Several concepts have been proposed to understand ecosystem dynamics over the long term. Among them, basins of attraction capturing the system resilience and tipping points capturing sharp changes in the ecosystem dynamics are everyday more used in ecology (Scheffer et al. 2001, Brook et al. 2013). Yet, to identify and to quantify such behaviours remain a challenge, whatever the ecosystem types and dynamics.
In this study, I propose a family of models aiming at exhaustively characterizing ecosystem dynamics, once the ecosystem functioning has been clearly defined. Such models are based on discrete systems borrowed to theoretical computer sciences and are already applied in biology (Pommereau 2010, Reisig 2013), but not yet in ecology. Hence, we have developed a qualitative model based on Petri nets representing a complex interaction network, then rigorously handled through its long term changes.
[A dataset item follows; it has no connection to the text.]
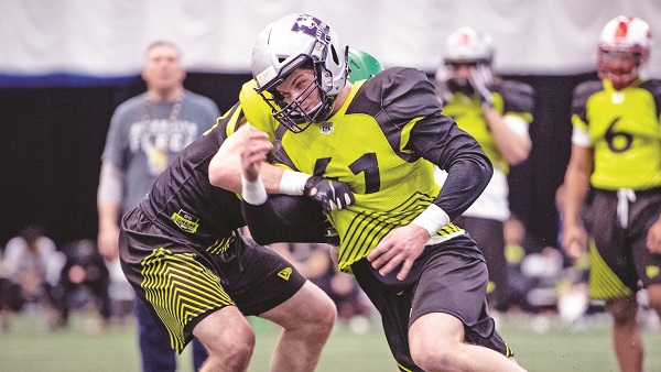 After being named both the USports and OUA Outstanding Stand-Up Defensive Player of the Year, Sopik’s name gained on team’s draft rankings come the CFL Combine last month, where he posted a 4.79 second 40-yard dash as well as ten reps on the bench press, before strapping on the pads and showing his greatest asset: his mental tenacity.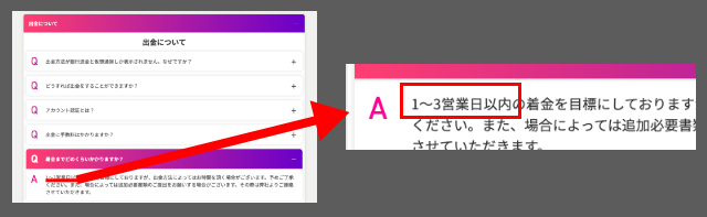 この目標だけでいえば一般的な出金スピードですが、口コミをみる限りでは、電子決済サービスを使った少額出金なら10分足らずで着金した人が多いようです。銀行送金でも2営業日でスピーディに着金したとの口コミもありました。

Conversely to traditional (equation based-) models, the functional rules used in our qualitative model strongly modify the network structure (i.e. the ecosystem components and processes present). I illustrate this model in a theoretical ecosystem chosen as an insect (termite) colony as well as in more realistic ecosystems (Gaucherel and Pommereau 2017, Gaucherel et al. 2017). Every ecosystem modeled here combines trophic, non-trophic, abiotic and anthropogenic processes (and components), and allows exhaustively exploring its trajectories.
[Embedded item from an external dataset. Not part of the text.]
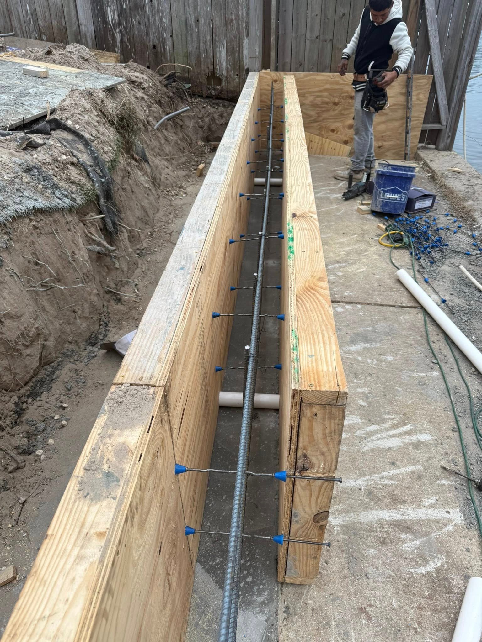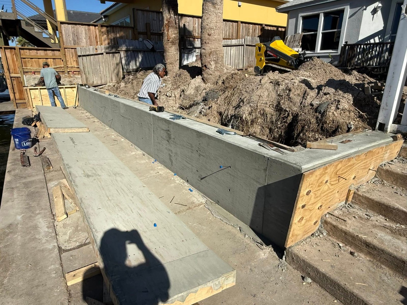 Concrete retaining wall install

Some specific “ecosystem developments” (more or less stable dynamic types) are easily detected and quantified, such as some stable behaviours (i.e. strongly connected states), tipping points (critical processes along trajectories), and various kinds of collapses (functioning system, yet with a frozen structure). Some of these qualitative developments have been validated on observed trajectories. In addition to theoretical abilities, qualitative Petri nets already proved useful to capture ecosystem developments in long time and to recommend some sustainable trajectories to stakeholders.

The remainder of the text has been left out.